Most U.S. farms exist on land misappropriated in colonialism that once profited from the forced labor of enslaved Black Americans. Today, women farmers earn 40% less income than men farmers, and Black farmers take home less than 1% of total U.S. agriculture sales. Altogether, Black Americans own less than 1% of the country’s rural farmland.
It hasn’t always been this way. In 1910, Black Americans owned about 20 million acres—the most they have owned in U.S. history. Between 1920 and 1997, more than 14 million acres of that land would be lost, altogether equating to about $326 billion of wealth. Today, farmers like Donea are reclaiming their right to access farmland, building back that wealth, and returning to the sustainable and regenerative agricultural methods their ancestors practiced before they were kidnapped and enslaved from their native Africa.
“For me, it’s reclaiming that story and being able to show Black people, you can return to the land and farm in the way your ancestors did,” Donea says. “You are not your history, you are not slavery, you are not the land thefts.”

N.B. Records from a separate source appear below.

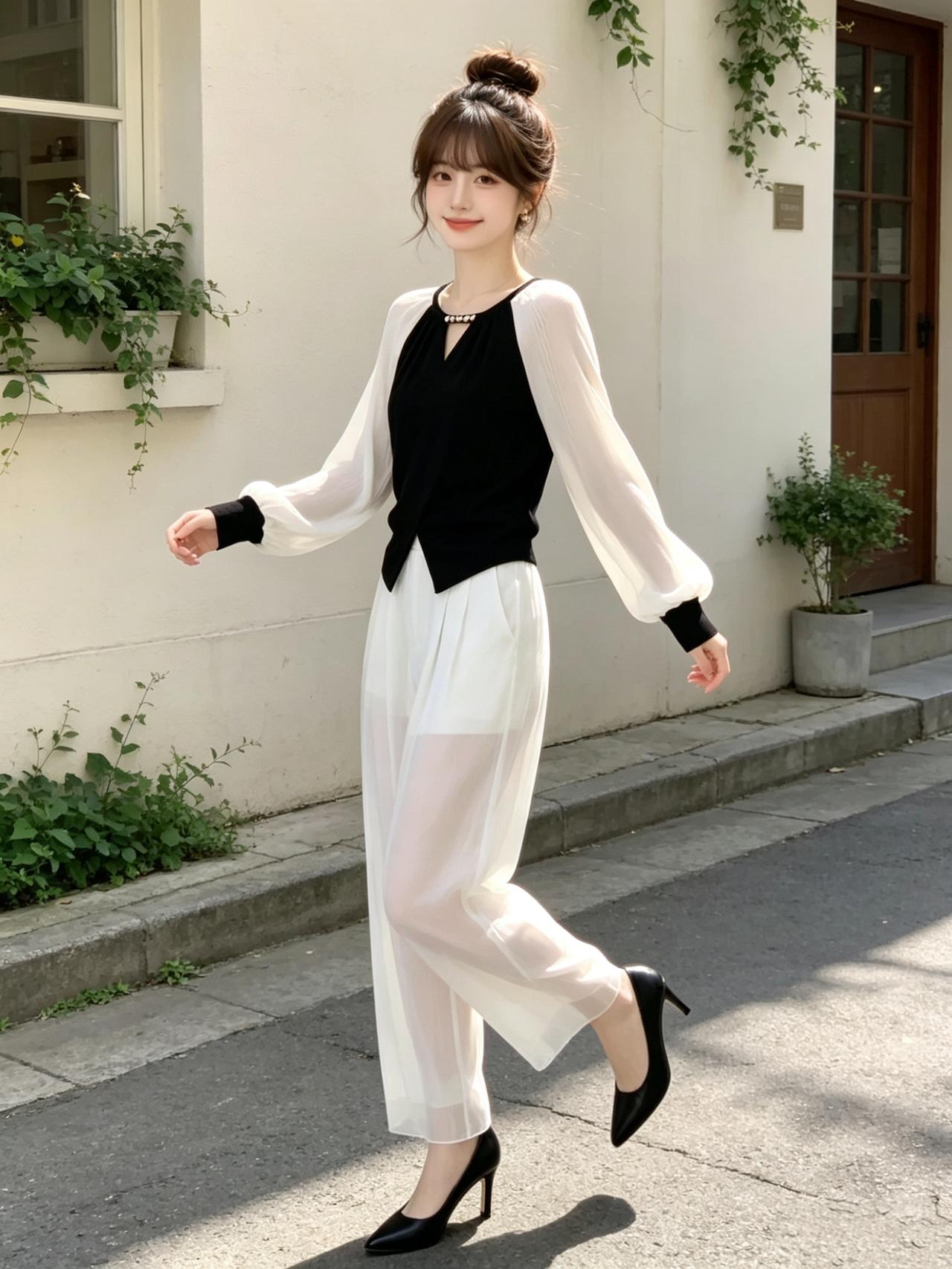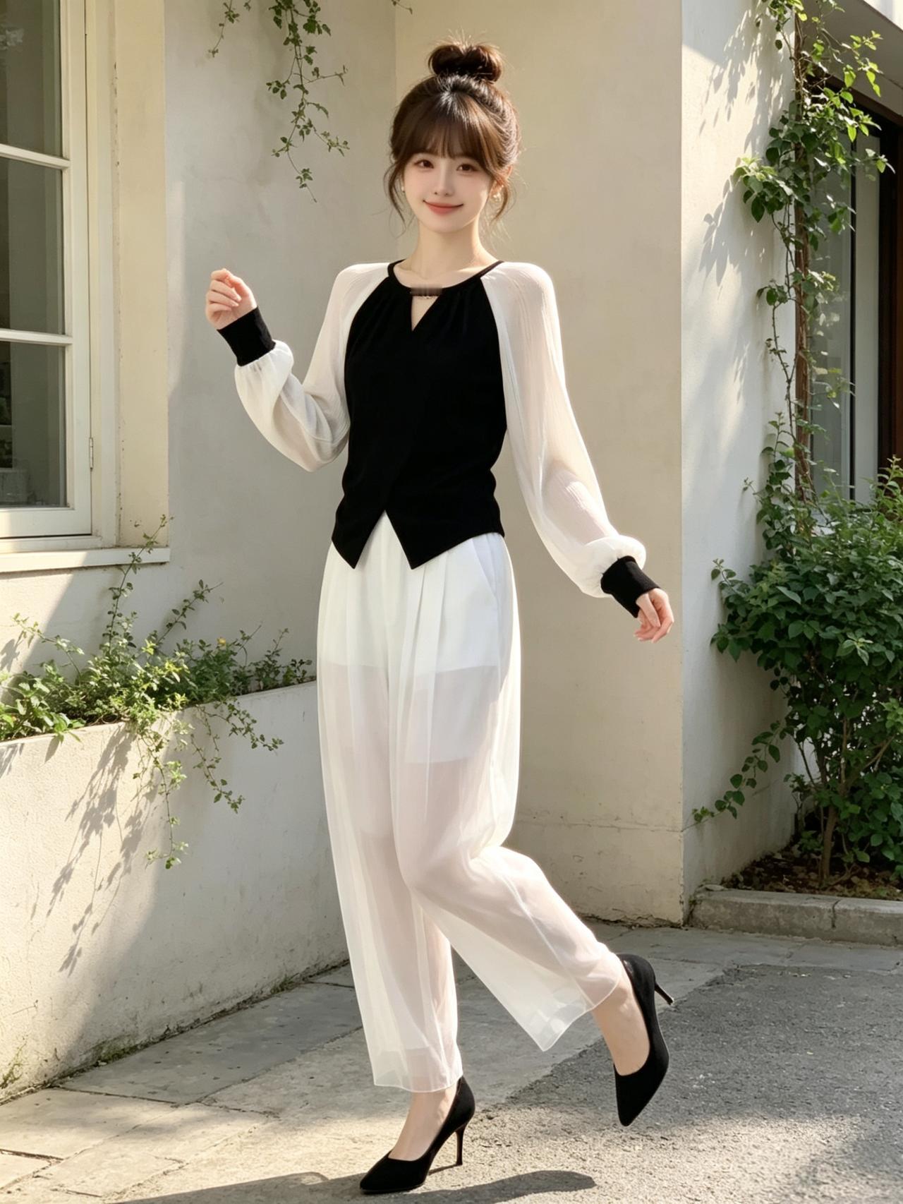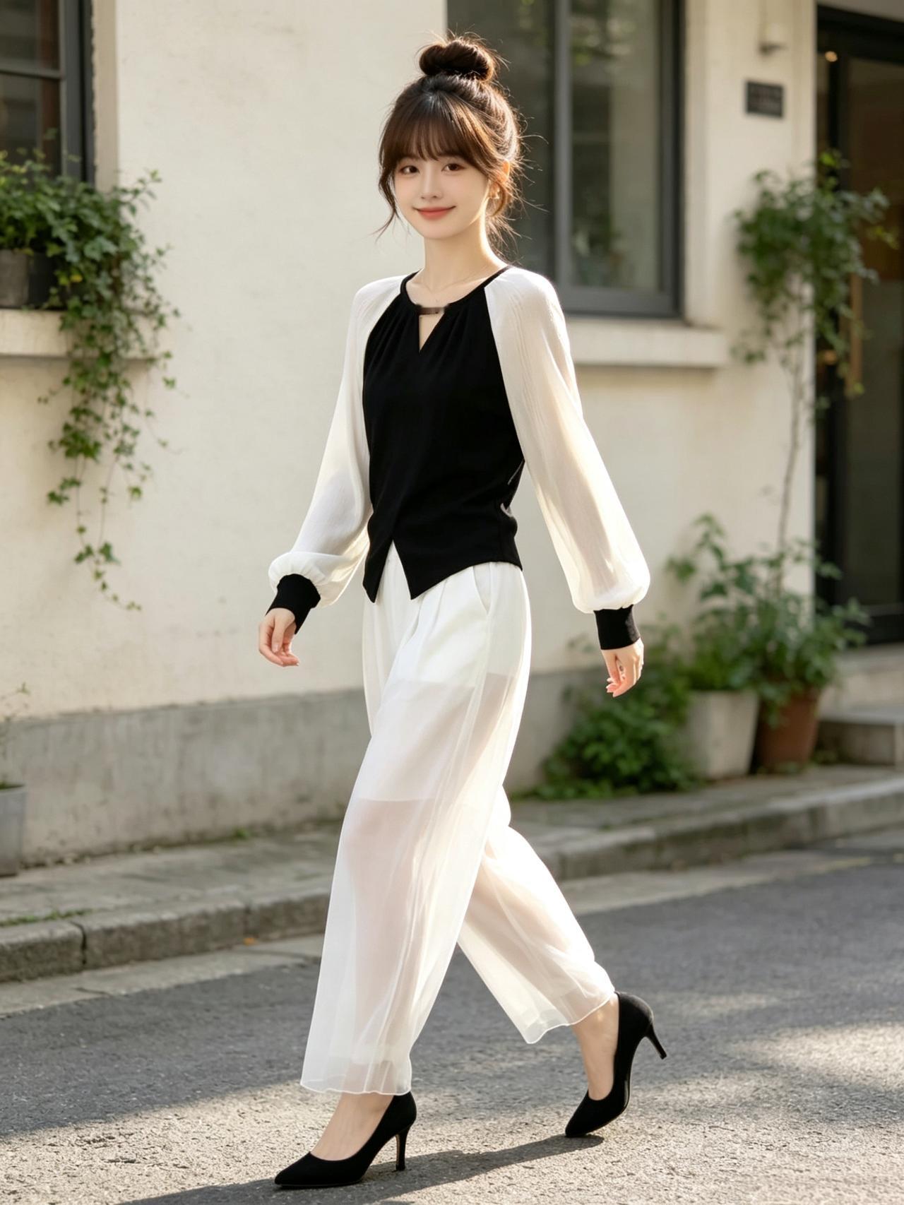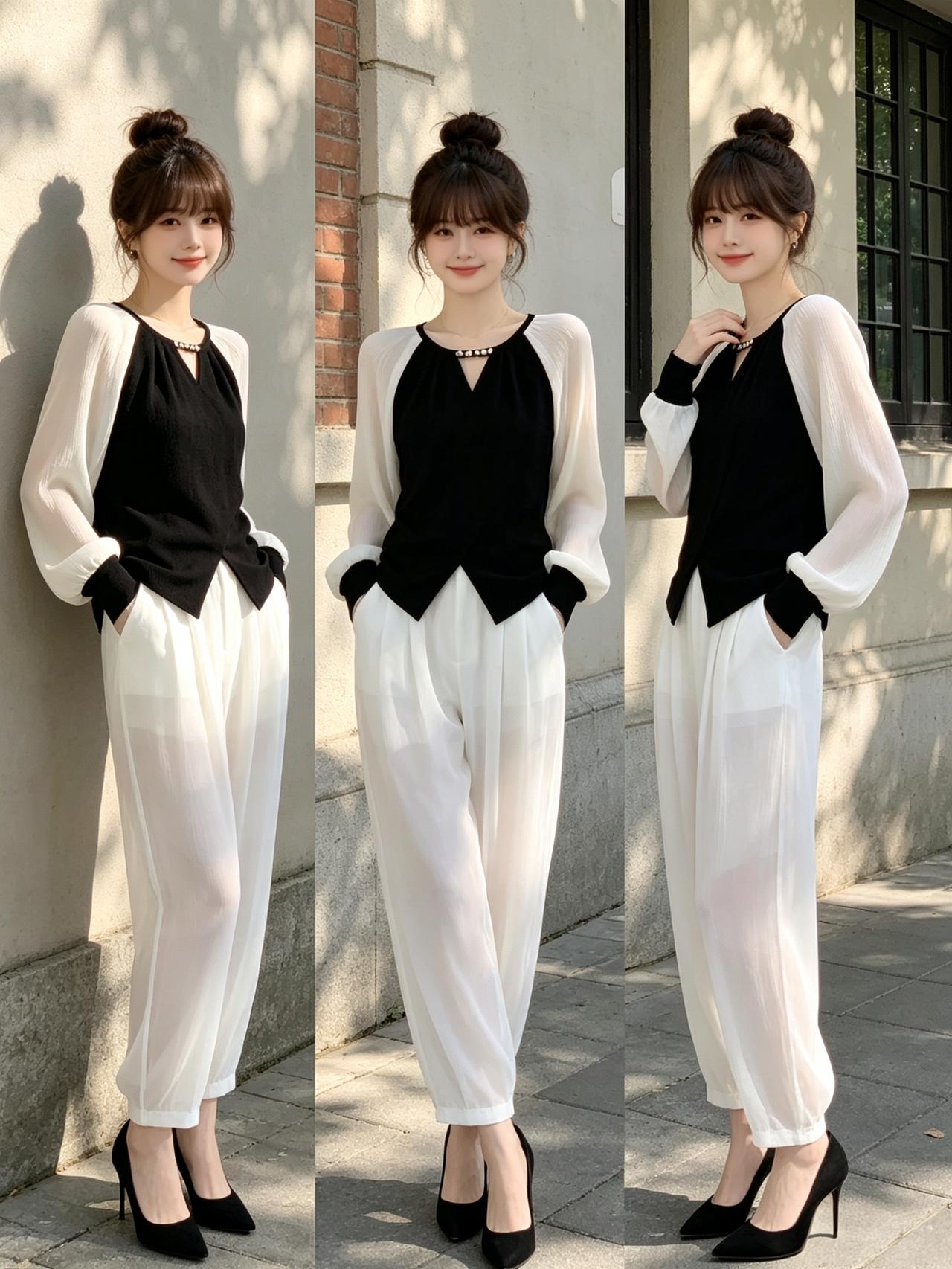 元气少女穿搭指南,黑白几何图案,时尚又百搭!👗👖👟优雅自信穿搭分享纯真少
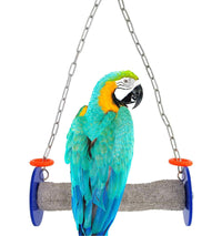 Q: What materials are used in the Sweet Feet and Beak Roll Bird Swing?A: The Sweet Feet and Beak Roll Bird Swing is made from high-quality, non-toxic materials, including a concrete blend for the perch and a zinc-free hanging chain. The swing features break-resistant plastic rings and ends, ensuring both safety and durability for your feathered friends.
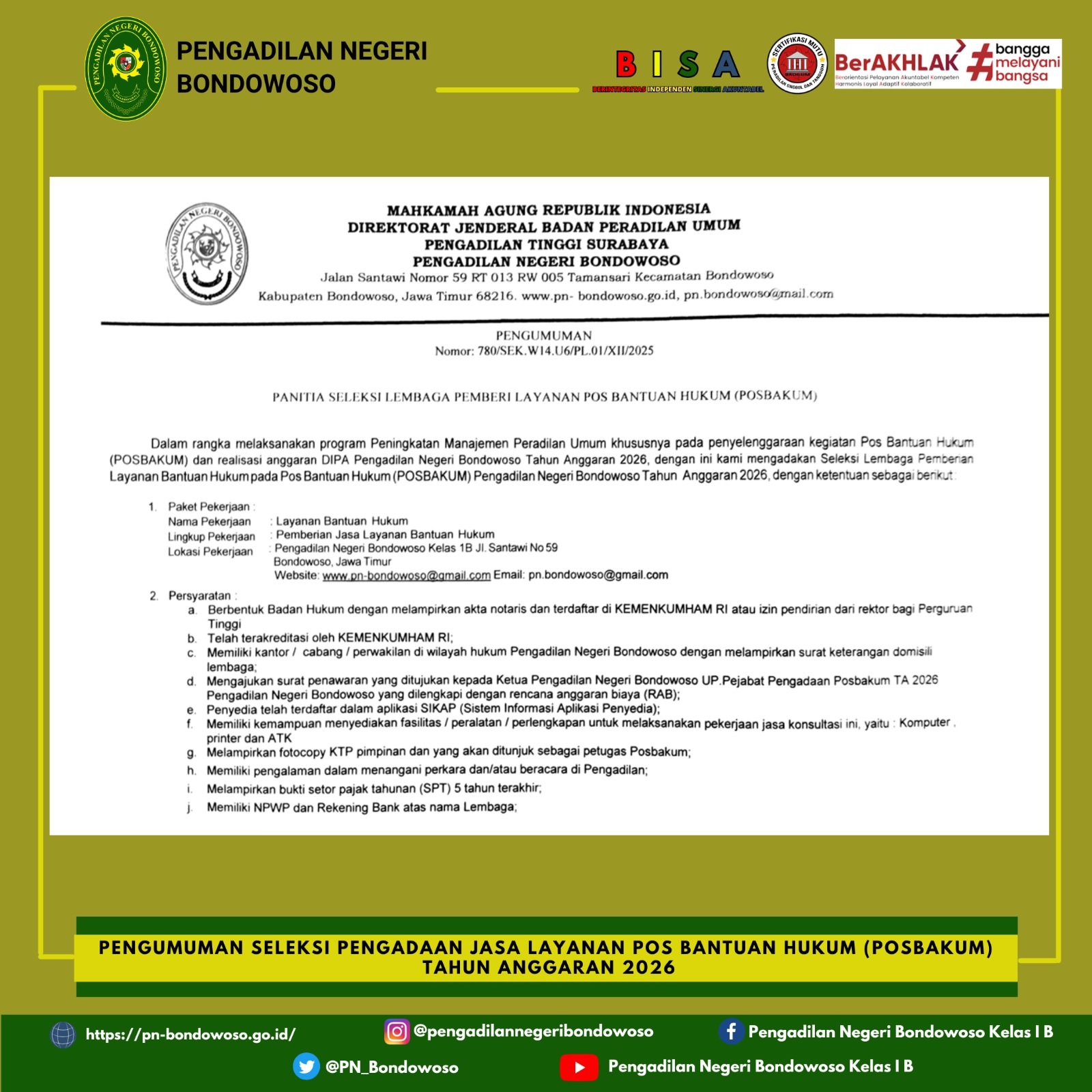 Dalam rangka melaksanakan program Peningkatan Manajemen Peradilan Umum khususnya pada penyelenggaraan kegiatan Pos Bantuan Hukum (POSBAKUM) dan realisasi anggaran DIPA Pengadilan Negeri Bondowoso Tahun 2026,
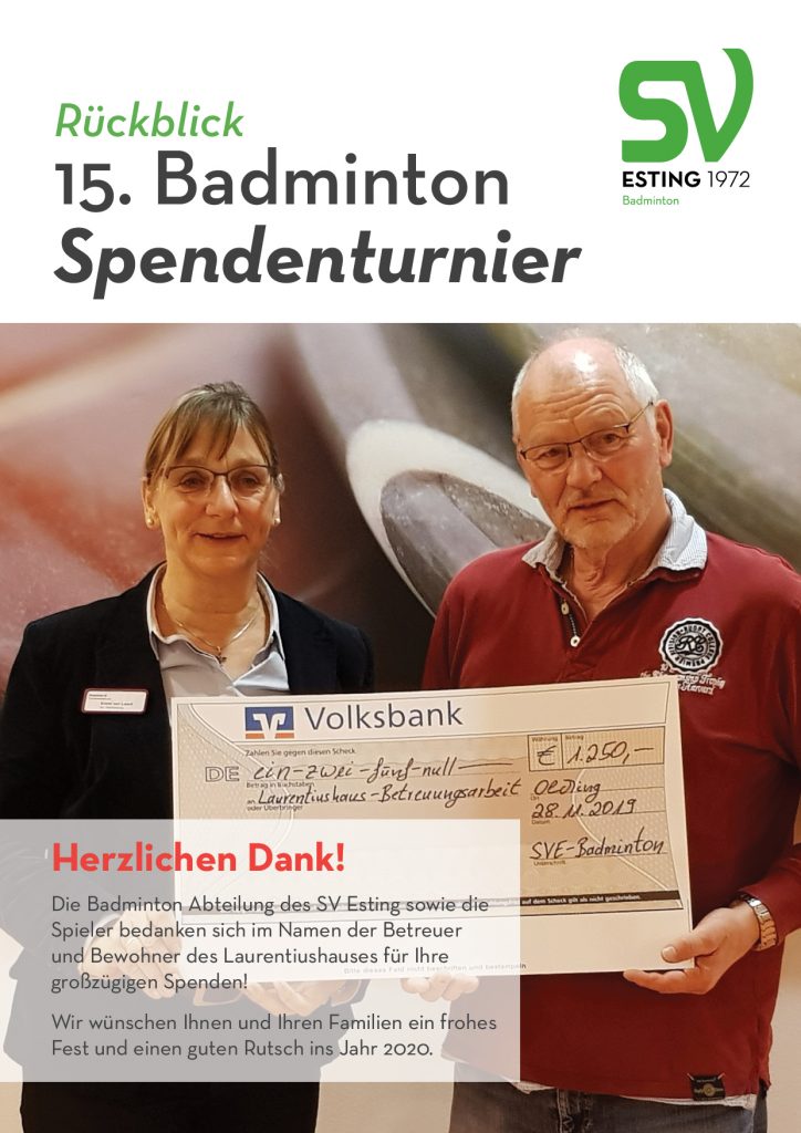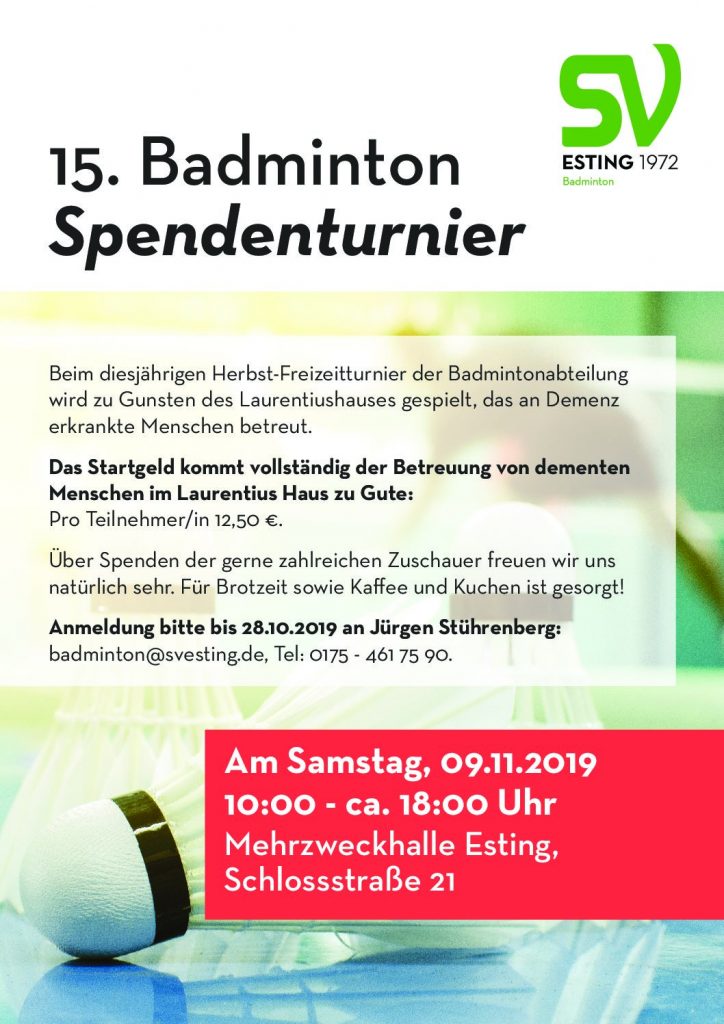 Willkommen auf der Seite der Badminton-Abteilung des SV Esting. Badminton ist die Sportart für alle, die regelmäßig oder auch mal ganz spontan Lust auf Bewegung und Spaß an einem Match haben. Badminton hält fit und die Anfänge hat jeder schnell gelernt. Wir bieten Trainings für Anfänger und Fortgeschrittene, freies Spiel und sind auch im Mannschaftsbetrieb aktiv. Schnuppern ist nach Absprache mit der Abteilungsleitung (badminton@svesting.de) möglich. Kinder und Jugendliche melden sich bei Interesse bitte vorab an jugendleitung.badminton@svesting.de. Wir freuen uns auf Euch!
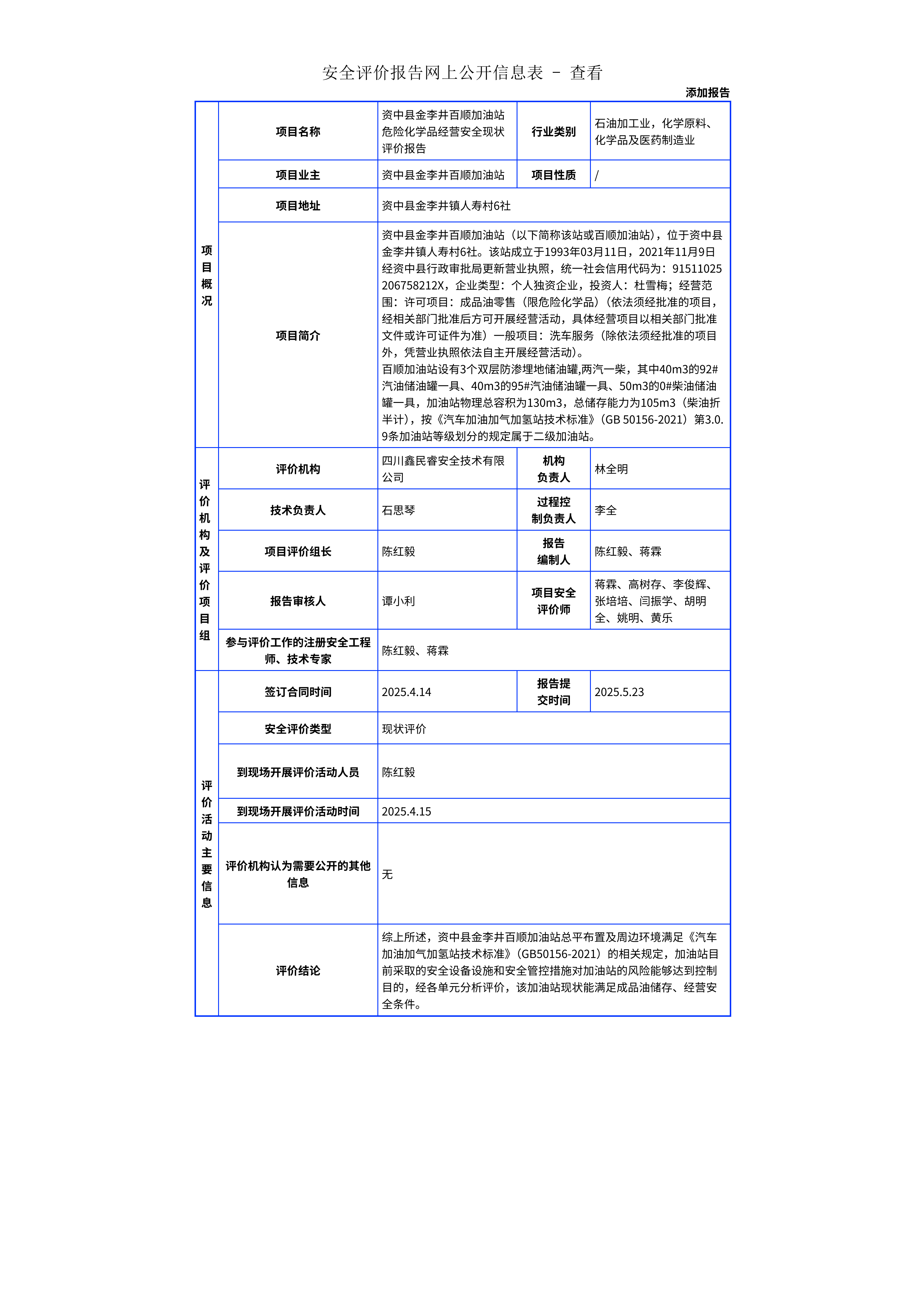 218资中县金李井百顺加油站危险化学品经营安全现状评价报告

The loss of Black-owned farmland was a result of various racial terror and land-grabbing techniques, from racism embedded in the United States Department of Agriculture (USDA) that prevented or delayed Black Americans from taking out loans or accessing governmental assistance programs to white supremacists harassing and, in some cases, killing people in rural Black communities, said Dãnia Davy, director of land retention and advocacy at the Federation of Southern Cooperatives. Incentives within the USDA also prioritized lending for larger corporate farms, neglecting smaller or specialized farms, which were more often owned by people of color.
When farmers filed civil rights complaints against the USDA, they were similarly mismanaged., In fact, the process was described in a 1997 Civil Rights Action Team (CRAT) report as a “bureaucratic nightmare” that “often [made] matters worse.”
“[When] the federal government established programs that were on their face designed to assist African Americans in acquiring affordable farmland, those institutions would play out in discrimination,” Davy said. “For example, African Americans would only get access to the most flood-prone or low-lying lands, or the least likely to be agriculturally productive.”